** TASK TO COMPLETE **
Keep the pictures out while you transcribe the listing below exactly.

*** Opening EXERCISE DATA ***

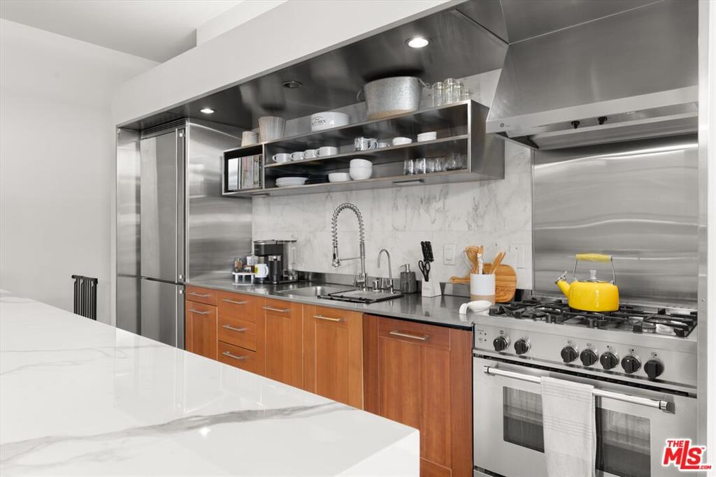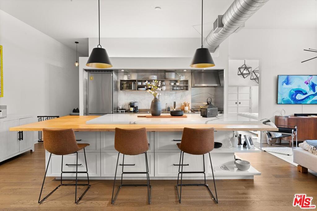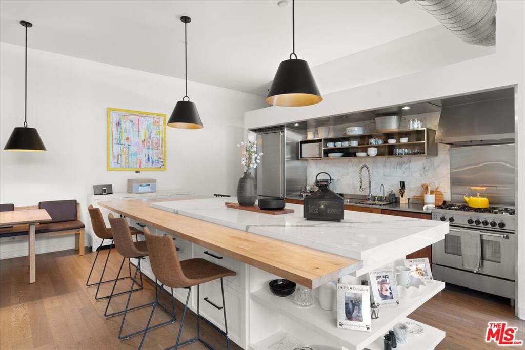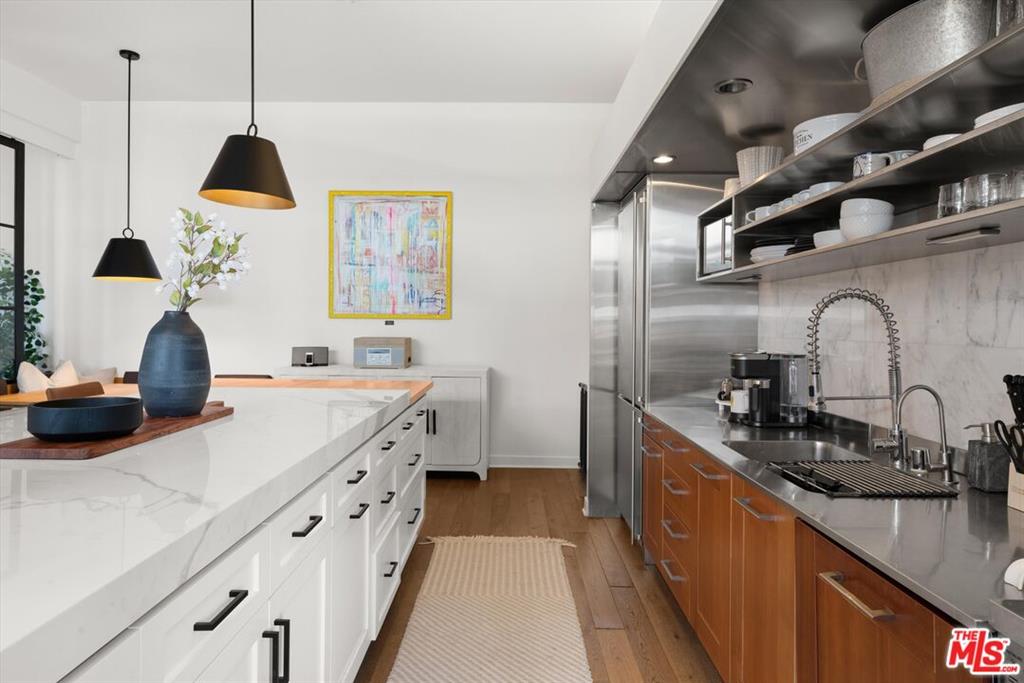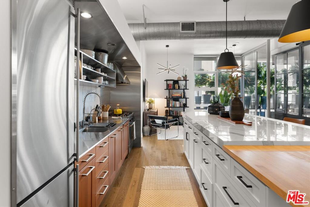 Welcome to this spectacular Marina Del Rey Gallery Loft! Situated in the Marina Arts District, close to Marina Marketplace, Abbott Kinney, restaurants, markets, fitness and entertainment, shopping and the Venice boardwalk. This is a designer’s dream with a cool, New York vibe that features soaring 11-foot ceilings, custom lighting, floor-to-ceiling glass and metal Fleetwood doors, a sophisticated open kitchen with an oversized marble and wood island and high-end stainless-steel appliances. The spacious primary suite offers plenty of room for a king-sized bed, a desk and extra seating. A walk-in custom closet and a spa-like bathroom with an oversized soaking tub and a glass enclosed shower complete this suite. The secondary bedroom is drenched in light and opens to a beautiful bathroom with industrial fixtures. If indoor/outdoor living is what you are looking for, or the perfect place to work from home, look no further. The Fleetwood doors slide back to open to the large, covered patio to expand your living space.
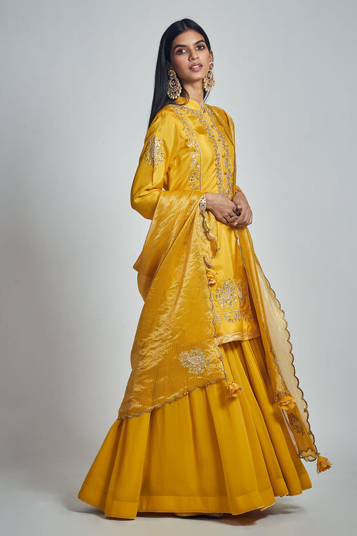 View full detailsRadiant and refined, this light golden sharara set is a vision of understated opulence. Crafted in tissue fabric with a soft golden tilt, the ensem...
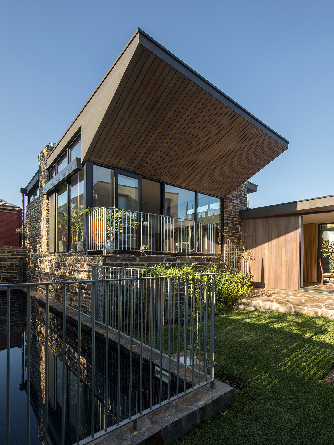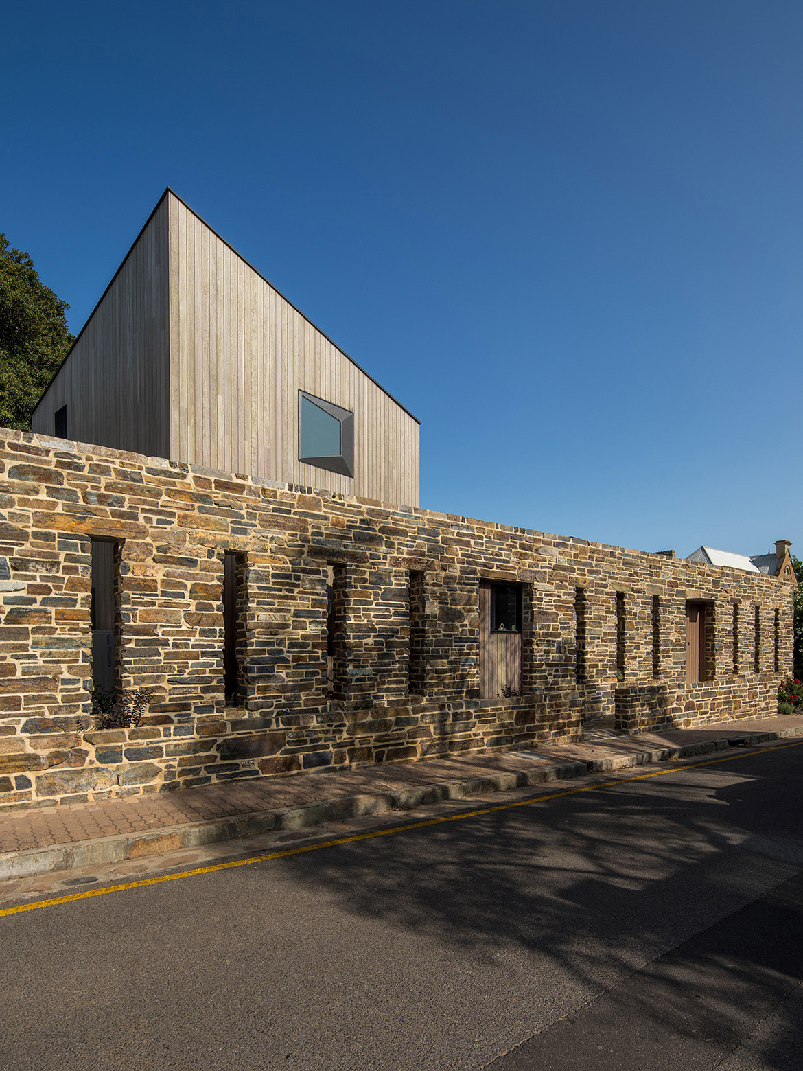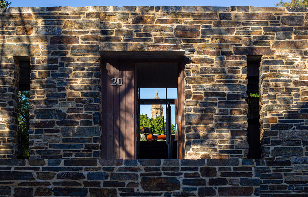 To provide privacy from that passing traffic, and protection from the hot afternoon sun along the western elevation, Nathan shielded the house with a stone wall made of locally quarried Bluestone, a material that is plentiful throughout the suburb. Apertures in the wall provide views into and out of the house, and one of them looks straight through the house to frame a view of the nearby St Peters Cathedral.
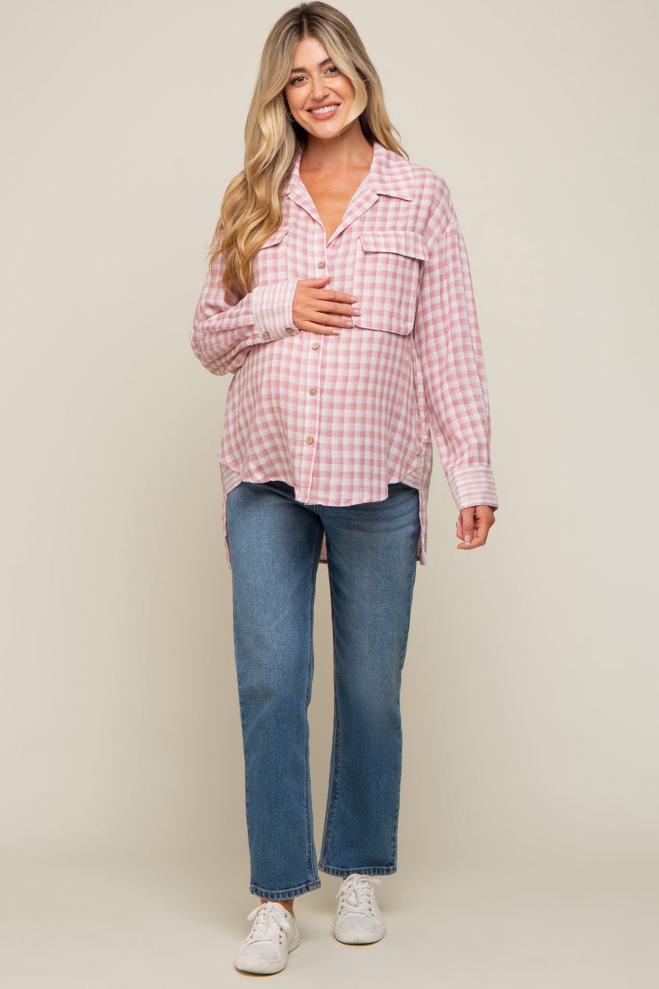 Mauve Plaid Front Pocket Hi-Low Maternity Top
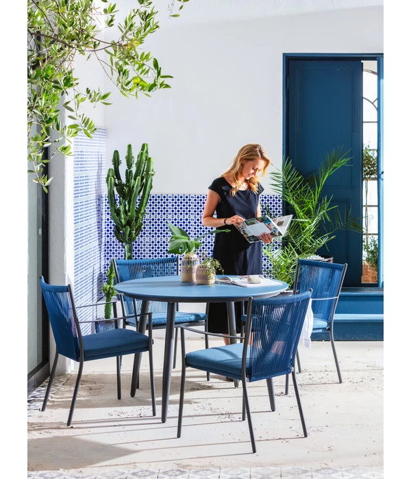 Blau ist nicht nur die Farbe des Himmels an einem schönen Sommertag, blau sind auch Ihre neuen Gartenmöbel. Zumindest, wenn Sie sich für den Dehner Stapelstuhl ‘Delphi‘ entschieden haben. Da hier das leuchtende Blau aber mit Schwarz kombiniert wurde, hält eine topmodische Farbkombination bei Ihnen auf der Terrasse Einzug, die sicherlich die Bewunderung Ihrer Freunde ernten wird, wenn Sie zur Einweihungsparty einladen. Und auch die Nachbarn werden neugierige Blicke hinüberwerfen, denn solche Möbel sieht man nicht in jedem Garten. Und neben der Optik überzeugt der Gartenstuhl auch mit ausgezeichnetem Sitzkomfort, für den neben dem gepolsterten Sitzkissen auch die Armlehnen sorgen. Setzen Sie mit dem blauen Dehner Stapelstuhl ‘Delphi‘ frische Akzente in Ihrem Outdoor-Bereich und lassen sich von der Farbe zum Träumen von einem unendlich langen Sommer verführen! Der gefühlt noch schöner wird, wenn Sie die Stühle um den passenden blauen Tisch aus der gleichnamigen Serie gruppieren…

*** Closing EXERCISE DATA ***

** OUTPUT **
 Welcome to this spectacular Marina Del Rey Gallery Loft! Situated in the Marina Arts District, close to Marina Marketplace, Abbott Kinney, restaurants, markets, fitness and entertainment, shopping and the Venice boardwalk. This is a designer’s dream with a cool, New York vibe that features soaring 11-foot ceilings, custom lighting, floor-to-ceiling glass and metal Fleetwood doors, a sophisticated open kitchen with an oversized marble and wood island and high-end stainless-steel appliances. The spacious primary suite offers plenty of room for a king-sized bed, a desk and extra seating. A walk-in custom closet and a spa-like bathroom with an oversized soaking tub and a glass enclosed shower complete this suite. The secondary bedroom is drenched in light and opens to a beautiful bathroom with industrial fixtures. If indoor/outdoor living is what you are looking for, or the perfect place to work from home, look no further. The Fleetwood doors slide back to open to the large, covered patio to expand your living space.
 View full detailsRadiant and refined, this light golden sharara set is a vision of understated opulence. Crafted in tissue fabric with a soft golden tilt, the ensem...
 To provide privacy from that passing traffic, and protection from the hot afternoon sun along the western elevation, Nathan shielded the house with a stone wall made of locally quarried Bluestone, a material that is plentiful throughout the suburb. Apertures in the wall provide views into and out of the house, and one of them looks straight through the house to frame a view of the nearby St Peters Cathedral.
 Mauve Plaid Front Pocket Hi-Low Maternity Top
 Blau ist nicht nur die Farbe des Himmels an einem schönen Sommertag, blau sind auch Ihre neuen Gartenmöbel. Zumindest, wenn Sie sich für den Dehner Stapelstuhl ‘Delphi‘ entschieden haben. Da hier das leuchtende Blau aber mit Schwarz kombiniert wurde, hält eine topmodische Farbkombination bei Ihnen auf der Terrasse Einzug, die sicherlich die Bewunderung Ihrer Freunde ernten wird, wenn Sie zur Einweihungsparty einladen. Und auch die Nachbarn werden neugierige Blicke hinüberwerfen, denn solche Möbel sieht man nicht in jedem Garten. Und neben der Optik überzeugt der Gartenstuhl auch mit ausgezeichnetem Sitzkomfort, für den neben dem gepolsterten Sitzkissen auch die Armlehnen sorgen. Setzen Sie mit dem blauen Dehner Stapelstuhl ‘Delphi‘ frische Akzente in Ihrem Outdoor-Bereich und lassen sich von der Farbe zum Träumen von einem unendlich langen Sommer verführen! Der gefühlt noch schöner wird, wenn Sie die Stühle um den passenden blauen Tisch aus der gleichnamigen Serie gruppieren…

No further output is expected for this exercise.